▶ [Work instruction] Return the whole listing unchanged. Drop the images.

▶ [Given information]

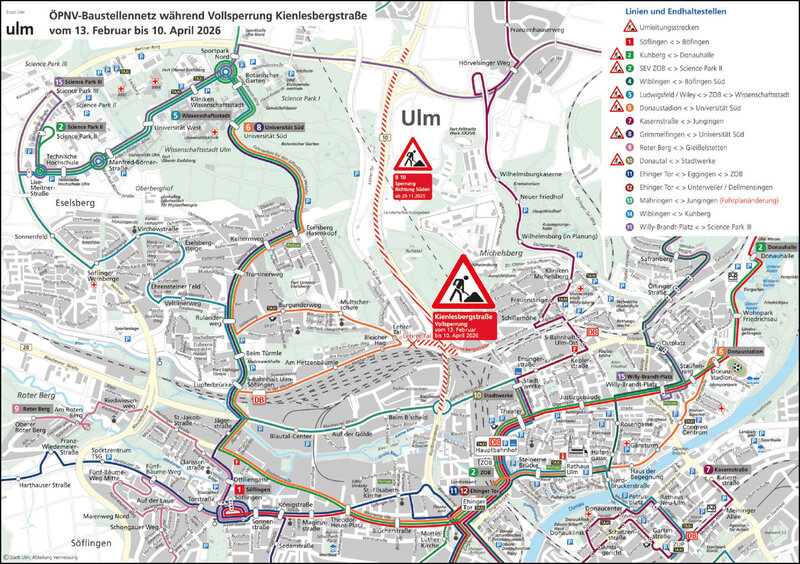 Von Freitag, 13. Februar bis Freitag, 10. April 2026 ist die Kienlesbergstraße in Ulm durch den Abbruch der Wallstraßenbrücke vollgesperrt. Dadurch kommt es im Stadtverkehr Ulm sowie im regionalen Bus- und Eisenbahnverkehr zu Umleitungen und Fahrplanänderungen.
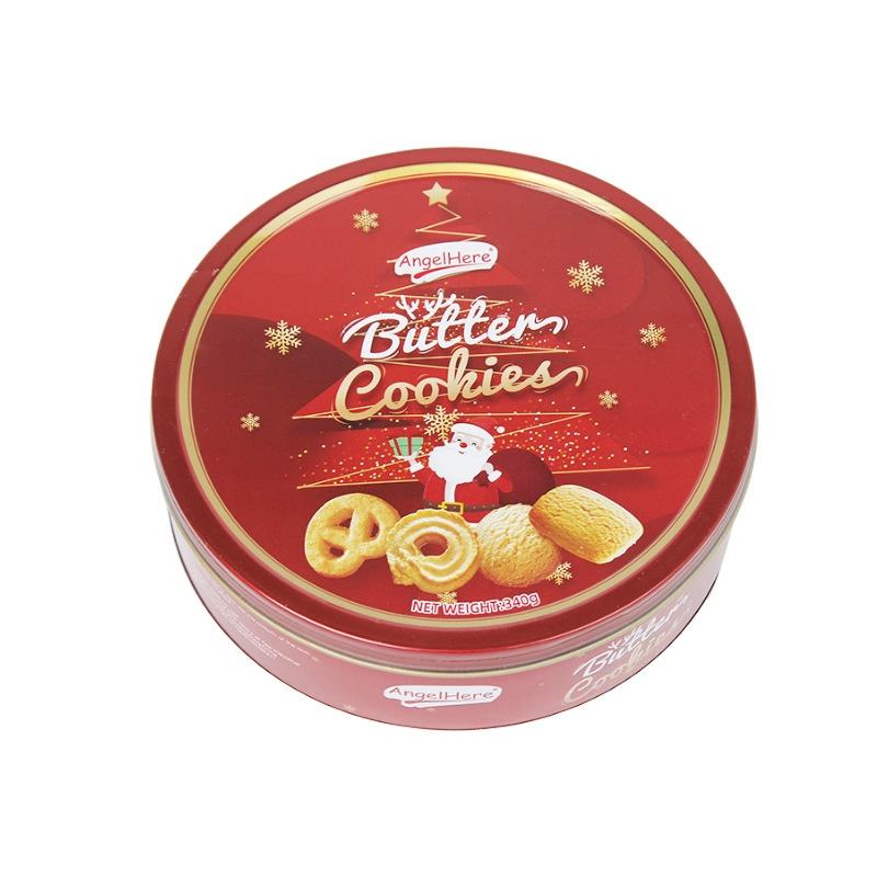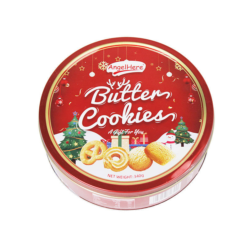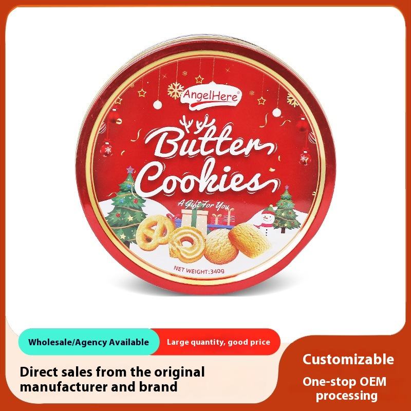 Biscotti Natalizi 340g, Biscotti al Burro dal Gusto Dolce, Confezione Regalo Personalizzata, Scatola di Latta, Imballaggio per Esportazione, Tipo Wafer allo Zucchero
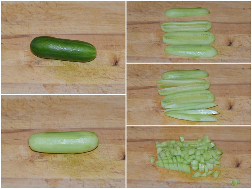 Intanto preparate gli altri ingredienti: mondate il cetriolo e tagliatelo a cubettini.
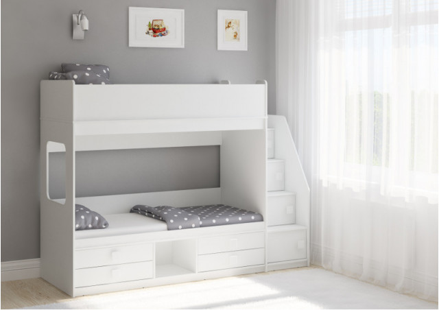 Классическая детская двухъярусная кровать с двумя параллельными спальными местами размером 1750х750 и 1900х750, выдвижными ящиками для хранения и угловой лестницей-стеллажем.

▶ [Result for this exercise]
 Von Freitag, 13. Februar bis Freitag, 10. April 2026 ist die Kienlesbergstraße in Ulm durch den Abbruch der Wallstraßenbrücke vollgesperrt. Dadurch kommt es im Stadtverkehr Ulm sowie im regionalen Bus- und Eisenbahnverkehr zu Umleitungen und Fahrplanänderungen.
 Biscotti Natalizi 340g, Biscotti al Burro dal Gusto Dolce, Confezione Regalo Personalizzata, Scatola di Latta, Imballaggio per Esportazione, Tipo Wafer allo Zucchero
 Intanto preparate gli altri ingredienti: mondate il cetriolo e tagliatelo a cubettini.
 Классическая детская двухъярусная кровать с двумя параллельными спальными местами размером 1750х750 и 1900х750, выдвижными ящиками для хранения и угловой лестницей-стеллажем.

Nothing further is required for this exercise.